• **Problem to work on**: Return the data below exactly, minus the pictures.

• **Supplied material**:
_ _ _ _ _

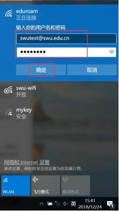 2、在自动弹出的输入框中,输入eduroam帐号和密码(西南大学师生出访时,eduroam账号为校园网账号@swu.edu.cn,密码为校园网账号的密码;访客来访时,其eduroam账号为其原机构账号@原机构所在域名,密码为其原机构账号的密码),然后点击“确定”。连接成功后,eduroam信号下会显示已连接的状态,如下图所示:
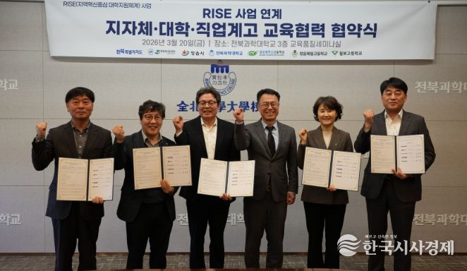한국시사경제 전북취재본부 | 정읍시는 19일 전북과학대학교 및 관내 직업계고 3곳과 손잡고 지자체와 대학, 고등학교를 하나로 잇는 ‘지역혁신중심 대학지원체계(RISE)’ 교육 협력 업무협약을 체결하며 맞춤형 인재 양성에 본격 나선다.
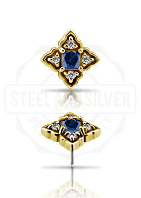 18K GOLD THREADLESS ATTACHMENT SET W. PRINCESS CUT LAB CREATED GEMSTONE
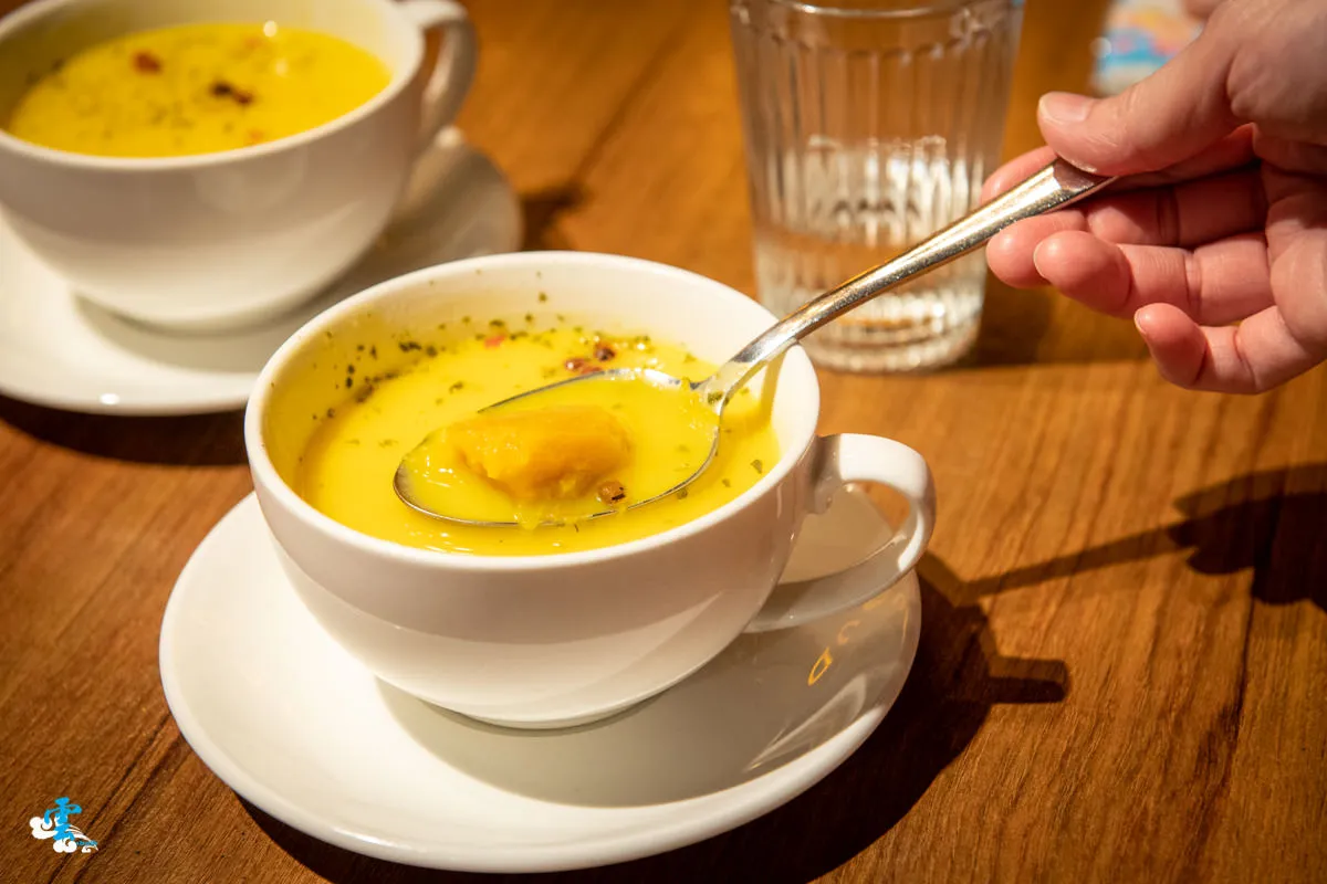 可以選擇鮮奶茶或是主廚濃湯,凌雲選擇的是主廚濃湯。今日的主廚暖湯是南瓜玉米湯,玉米粒的脆度與南瓜末的軟濡,豐富了口感的層次,香濃滑順的南瓜香氣起了畫龍點睛之妙,綿密的甜香暖心又暖胃。

_ _ _ _ _

• **Output for this task**:
 2、在自动弹出的输入框中,输入eduroam帐号和密码(西南大学师生出访时,eduroam账号为校园网账号@swu.edu.cn,密码为校园网账号的密码;访客来访时,其eduroam账号为其原机构账号@原机构所在域名,密码为其原机构账号的密码),然后点击“确定”。连接成功后,eduroam信号下会显示已连接的状态,如下图所示:
한국시사경제 전북취재본부 | 정읍시는 19일 전북과학대학교 및 관내 직업계고 3곳과 손잡고 지자체와 대학, 고등학교를 하나로 잇는 ‘지역혁신중심 대학지원체계(RISE)’ 교육 협력 업무협약을 체결하며 맞춤형 인재 양성에 본격 나선다.
 18K GOLD THREADLESS ATTACHMENT SET W. PRINCESS CUT LAB CREATED GEMSTONE
 可以選擇鮮奶茶或是主廚濃湯,凌雲選擇的是主廚濃湯。今日的主廚暖湯是南瓜玉米湯,玉米粒的脆度與南瓜末的軟濡,豐富了口感的層次,香濃滑順的南瓜香氣起了畫龍點睛之妙,綿密的甜香暖心又暖胃。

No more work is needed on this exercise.